The scalar unit of an AIE-ML / AIE-ML v2 device has no floating-point hardware support.
The AI Engine API supports
floating-point operations through emulation using bfloat16. Various precisions can be used for all operations which is set
by the flag --aie.float-accuracy safe|fast|low:
-
safe: Accuracy similar to FP32. -
fast: (default) Improved performance with slightly less accuracy than FP32. -
low: Best performances with better accuracy than FP16 andbfloat16.
float f=2.0f;
bfloat16 bf=(bfloat16)f;
float f2=(float)bf;
int32 ia=aie::to_fixed(f);
int16 ib=aie::to_fixed(bf);
float f3=aie::to_float(ib);
bfloat16 bf2=aie::to_float(ib);
float sqrt_f=aie::sqrt(f);
bfloat16 inv_bf=aie::inv(bf);
bfloat16 invsqrt_bf=aie::invsqrt(bf);
The AI Engine
API also supports conversion from complex integer to complex floating-point with aie::to_float:
cint16 c16;
cint32 c32;
cfloat cf=aie::to_float(c16,0);//shift=0
cfloat cf2=aie::to_float(c32,2);//shift=2
aie::vector<int16,16> vc16;
aie::vector<int32,16> vc32;
auto vcf=aie::to_float(vc16,0);//shift=0
auto vcf2=aie::to_float(vc32,2);//shift=2
The AI Engine
API supports conversion between floating-point accumulator registers and bfloat16 vector registers. It also supports floating-point
and bfloat16 to integer conversion:
aie::accum<accfloat,16> vf;
aie::vector<bfloat16,16> vbf=vf.to_vector<bfloat16>();
aie::accum<accfloat,16> vf2;
vf2.from_vector(vbf,0);
aie::vector<float,16> vf3;
aie::vector<int32,16> vi=aie::to_fixed<int32>(vf3,0);
auto vi2=aie::to_fixed<int32>(vbf,0);
The AI Engine
API supports multiple lanes of bfloat16 multiplication
and accumulation. It supports single-precision floating-point multiplication and
accumulation through emulation. The unit reuses the vector register files and permute
network of the fixed-point data path. In general, only one vector instruction per cycle
can be performed in fixed-point or floating-point.

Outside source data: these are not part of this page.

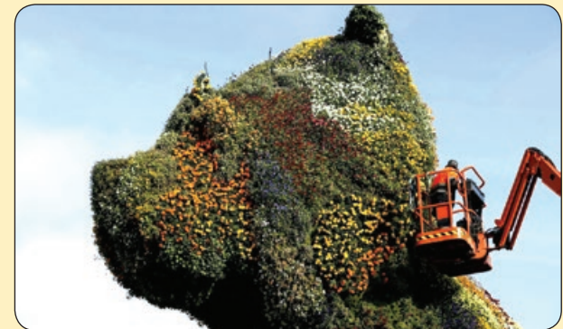
ای بی ای | گل آرایی مجسمه در یک نمایشگاه هنری، اسپانیا

• شماها یادتون نمیداد تلفن گویا که اومده بود یکی از تفریح های ما این بود ۱۱۹ رو می گرفتیم، ساعت و تاریخ گویا رو روی آیفون پخش می کرد، حس پیشرفته بودن بهمون دست می داد! • شنبه صبح زود بیدار شدن مثل این می مونه که سر بازیت تموم شده باشه ولی تو اضافه خدمت باشی، خسته ای ولی اگر بیدار نشی بازم اضافه خدمت می خوری! • به عکس هایی از بچگی تون نذارید که به جای «آخی چه ناز بودی» بگیم «ایول چه جراحی داشتی»! • به سوال، کسی تا حالا عروس دریایی رو قبل از عروسیش دیده؟! • کاشکی شنبه ساعت ۷ صبح وقتی بیدار می شدیم بهو بهمون می گفتن الان ۷ شب جمعه ست و شما می تونی ۱۲ ساعت دیگه بخوابی و این پروسه تا ابد ادامه داشت! • از به سنی به بعد هر چی بیشتر دنبال مقصر بگردی، بیشتر به خودت می رسی! • بیایید قول بدیم وقتی پیر شدیم، تو مترو بالای سر به جیوون که نشسته رو صندلی نایستیم! • هر مشکلی برام پیش میاد میگم عربی دبیرستان چه جوری گذشت؛ اینم می گذره!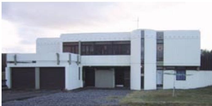
Læknisbústaðurinn á Blönduósi

skipað. Með tilkomu dvalarheimilisins leystust mörg brýn vandamál. Til þessa var enginn ákveðinn staður fyrir gamalt og ellihrumt gamlalmenni. Þau höfðu fengið aðsetur eða húsaskjól hjá ættingjum og vinum eins og í Reykholti á Skagaströnd þar sem fjölskyldan tók að sér að veita slíku fólki húsaskjól og umhirðu. Jafnvel fannst mér eins og til væru einstaklingar, sem virtust eins og tilheyra vissum jörðum. Allt þetta fólk átti nú kost á húsaskjoli og heimili á þessu nýja dvalarheimili í Héraðshælinu, heimili sem hjónin frá Geitaskarði minntust á og gáfu fé til árið 1946. Þetta fólk var þakklátt fyrir húsaskjolið en gerði ekki kröfur eins og nú 50 árum síðar. Þá má að lokum geta þess að hér í Héraðshælinu leit margur Húnavetningurinn sinn fyrsta dag.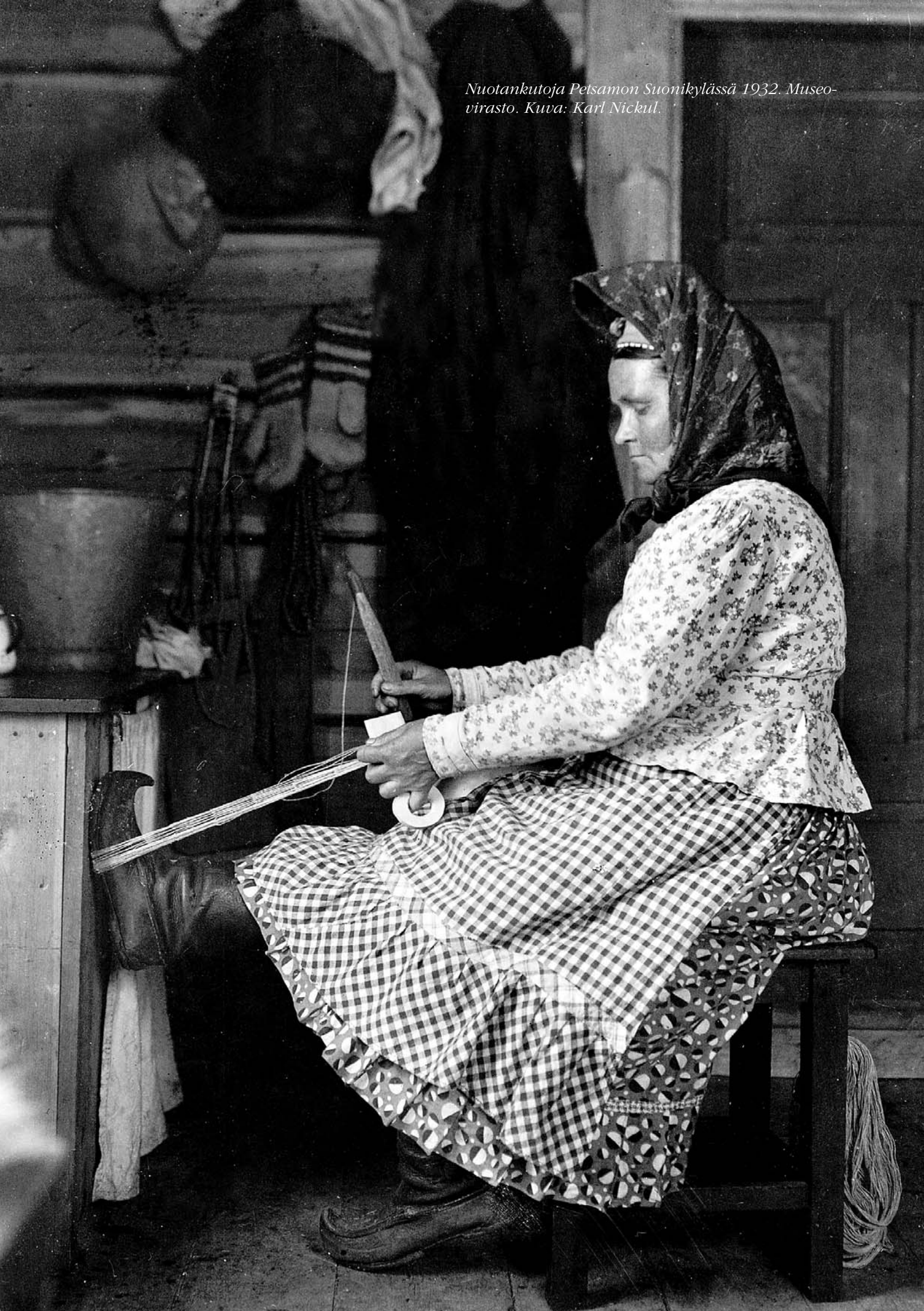
Nuotankutoja Petsamon Suonikylässä 1932.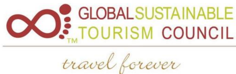
Slika 4. Globalno vijeće za održivi turizam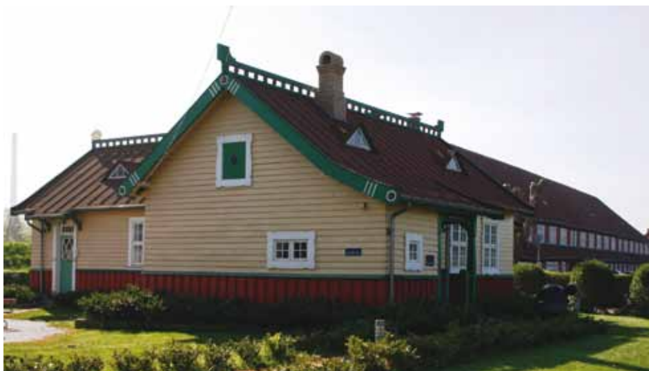
”Radiostationen” huser nu et radiomuseum (Frank Horn 2008)

Den gule træbygning med udskæringer og fantasifuld bemaling var Danmarks og sandsynligvis verdens første flåderadiostation. Bygningen, der i en årrække anvendtes som ”idrætshytte” ved idrætsanlægget på Frederiksholm, skulle egentlig være nedrevet i forbindelse med den store udflytning fra Holmen, men ved venlig donation fra en privatperson blev bygningen bevaret for eftertiden, og fremstår nu i sin fulde glans på Nyholm. Bygningen huser nu ”radiomuseet OXA”.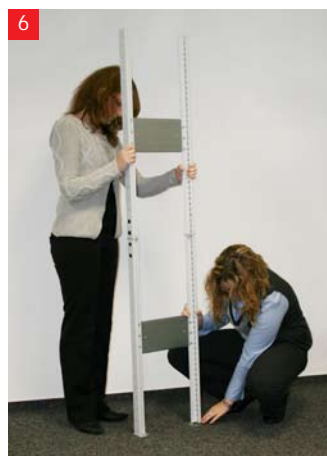
6 Dołącz stopy regału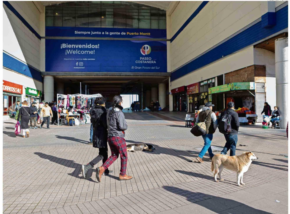
DECANO DE LA FACULTAD DE ECONOMÍA DE LA USS CUESTIONA QUE NO EXISTA EDUCACIÓN FINANCIERA EN LOS COLEGIOS.

En su análisis, explica que estos datos están en sintonía con los que informó el Instituto Nacional de Estadísticas (INE), respecto a lo que suce-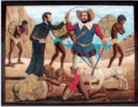
Fray Bartolomé de las Casas con grupo de indígenas.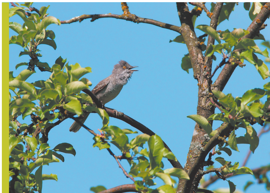
fol. G. Zawadzki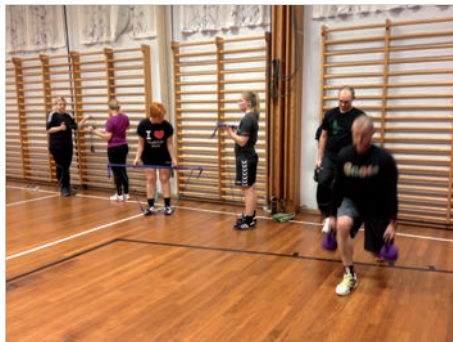
Her stationstræning - forskellige styrke øvelser og puls træning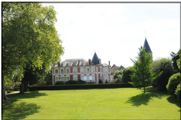
La mairie et son parc

Toute la richesse d'une histoire qui fait partager l'ambiance éternelle d'une ville de province où l'on prend le temps de vivre.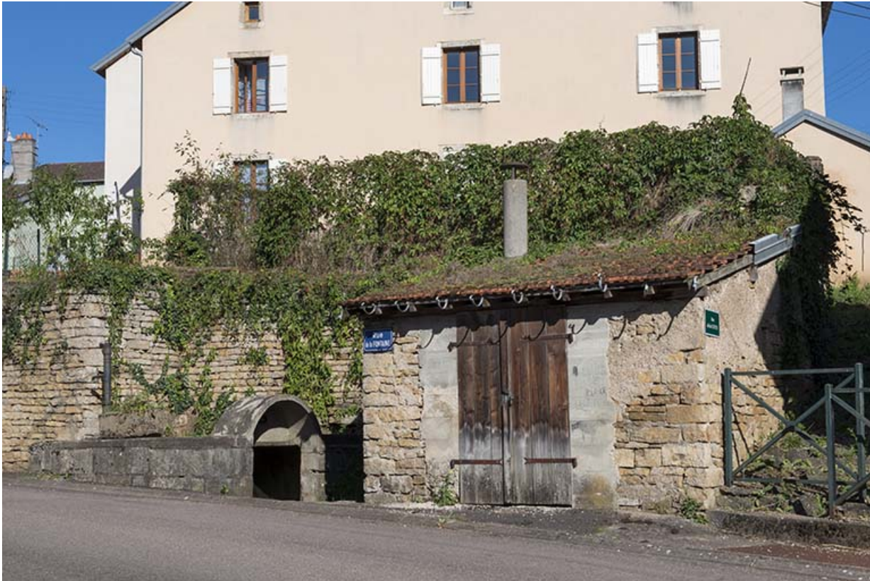
La fontaine, Grande rue.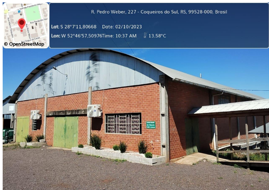
Figura 2: Estrutura do pavilhão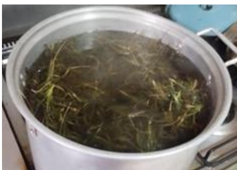
Figura 3. Procedimiento de escaldado en agua hirviendo.

La materia prima vegetal, proveniente de Tillandsia recurvata (paxtle), también conocido como heno motita, se recolectó en estado fresco de árboles infestados y de materia caída de los mismos, para después seleccionar manualmente la materia prima procurando minimizar la presencia de impurezas (ramas, piñas, plumas, insectos, etc). Posteriormente, se realizó un prelavado con agua corriente y un escaldado para inactivar enzimas y limpiar la fibra (University of Georgia, 2025) mediante inmersión en agua en ebullición (94 °C) durante 10 min (Figura 3). Este tratamiento térmico, seguido de un enfriamiento rápido en agua fría, tuvo como objetivo eliminar contaminantes microbianos y detener procesos enzimáticos que pudieran afectar la calidad del material.

Floating-point MACs have a latency of two-cycles, thus, using two accumulators in a ping-pong manner helps performance.
auto ita=aie::begin_vector<16>(data1);
auto itb=aie::begin_vector<16>(data2);
auto ito=aie::begin(out);
aie::accum<accfloat,16> acc1=aie::zeros<accfloat,16>();
aie::accum<accfloat,16> acc2=aie::zeros<accfloat,16>();
aie::vector<bfloat16,16> va,vb;
for(int i=0;i<32;i++) chess_prepare_for_pipelining {
va=*ita++;
vb=*itb++;
acc1=aie::mac(acc1,va,vb);
va=*ita++;
vb=*itb++;
acc2=aie::mac(acc2,va,vb);
}
auto acc=aie::add(acc1,acc2);
auto sum=aie::reduce_add(acc.to_vector<float>(0));
*ito=(bfloat16)sum;